Effective Acoustic Modeling for Pronunciation Quality Scoring of Strongly Accented Mandarin Speech
Fengpei Ge,Changliang Liu,Jian Shao,Fuping Pan,Bin Dong,Yonghong Yan
DOI: https://doi.org/10.1093/ietisy/e91-d.10.2485
2008-01-01
IEICE Transactions on Information and Systems
Abstract:In this paper we present our investigation into improving the performance of our computer-assisted language learning (CALL) system through exploiting the acoustic model and features within the speech recognition framework.
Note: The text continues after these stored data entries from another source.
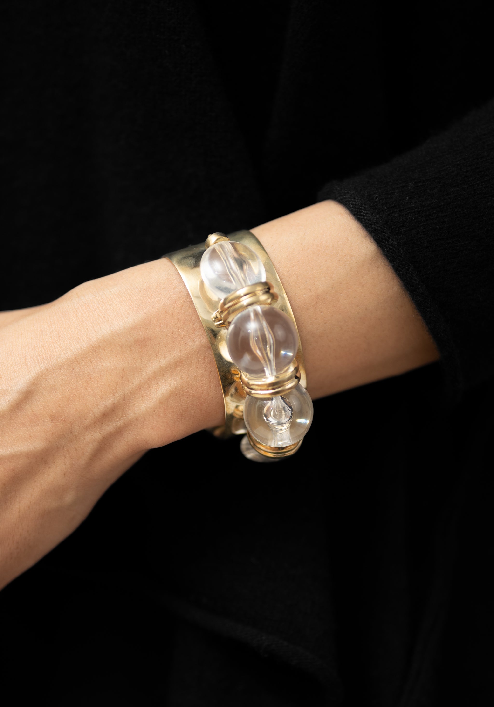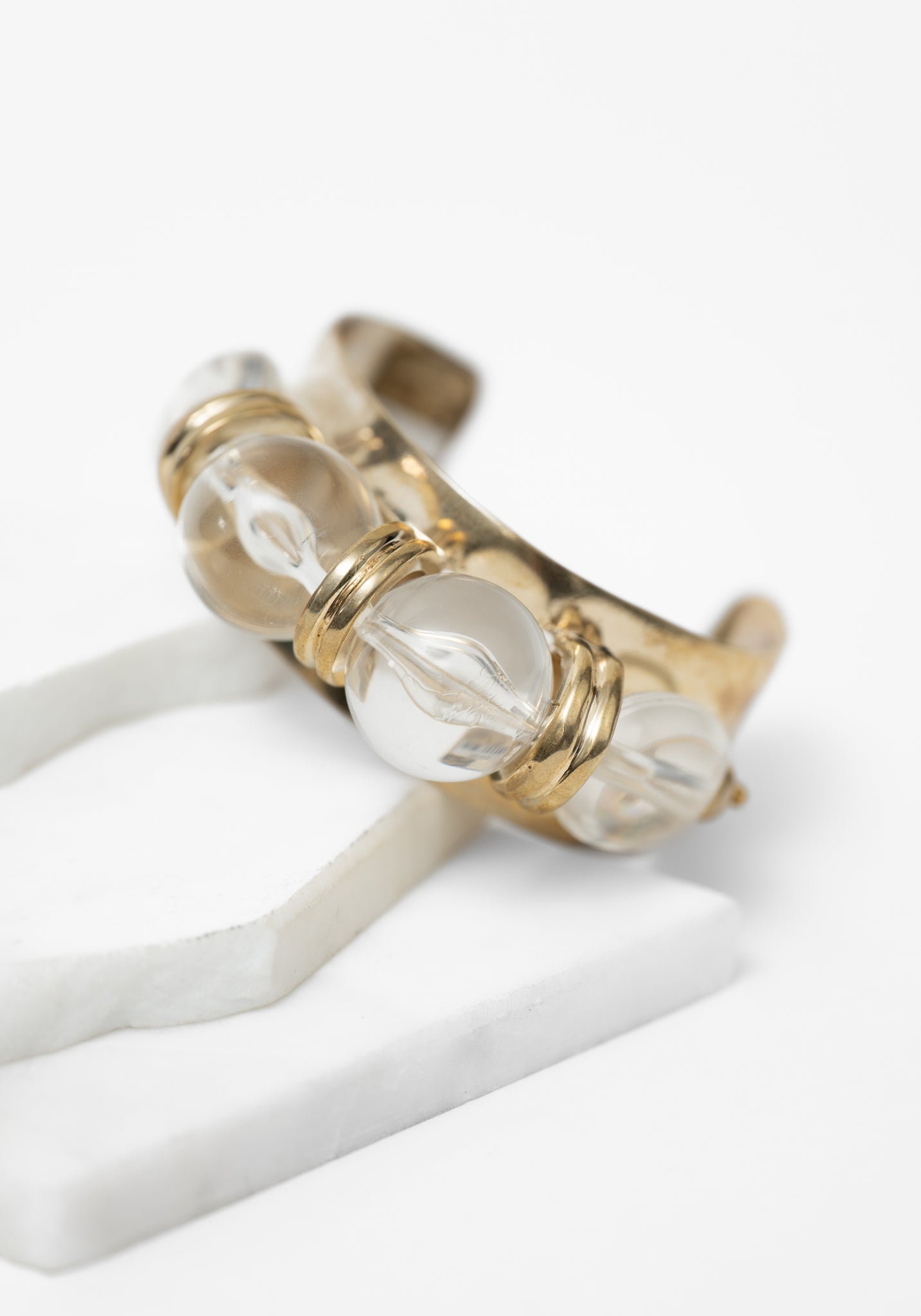The Brass and Vintage Acrylic Beads Trade Cuff from New York-based CASTLECLIFF is designed for those who embrace bold, ethically crafted jewelry and appreciate pieces that make a confident, personal statement. It can be worn alone as a standout accessory or stacked with other bracelets for a layered, textural effect.
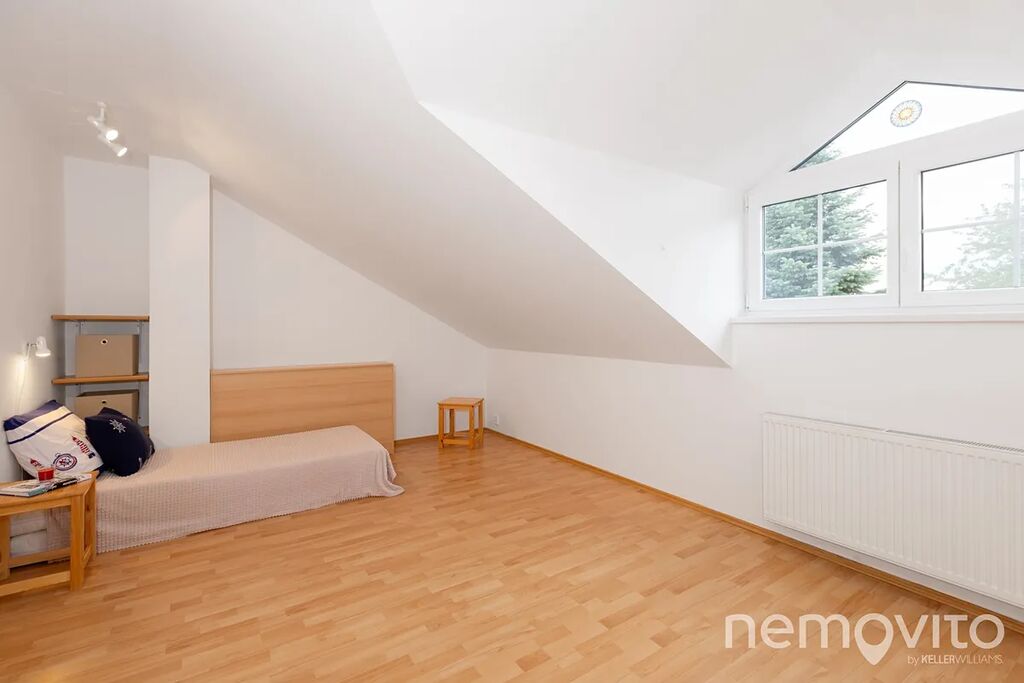 Druhé podlaží, které je přístupné přes široké schodiště, se v horní chodbě (24 m2) otevírá první místností přímo naproti, kterou je samostatná šatna (10 m2). Jelikož byl dům projektován s možností dvougeneračního bydlení, v největším pokoji (45 m2) je možné osadit kuchyni. Druhý největší pokoj (44 m2) je doplněn dalšími dvěma ložnicemi (22 a 19 m2), přičemž na podlaží je k dispozici koupelna se sprchou i vanou a další šatnou.
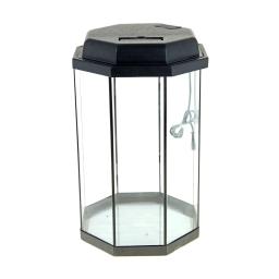 Аквариум «Восьмигранник 32». Узкий, высокий, компактный. Отличный обзор со всех сторон. Аквариум из стекла 4 мм вклеен в пластиковый поддон. В крышку встроен патрон Е14.

First, to alleviate channel distortion, speaker-dependent cepstrum mean normalization (CMN) is adopted and the average correlation coefficient (average CC) between machine and expert scores is improved from 78.00% to 84.14%. Second, heteroscedastic linear discriminant analysis (HLDA) is adopted to enhance the discriminability of the acoustic model, which successfully increases the average CC from 84.14% to 84.62%. Additionally, HLDA causes the scoring accuracy to be more stable at various pronunciation proficiency levels, and thus leads to an increase in the speaker correct-rank rate from 85.59% to 90.99%. Finally, we use maximum a posteriori (MAP) estimation to tune the acoustic model to fit strongly accented test speech. As a result, the average CC is improved from 84.62% to 86.57%. These three novel techniques improve the accuracy of evaluating pronunciation quality.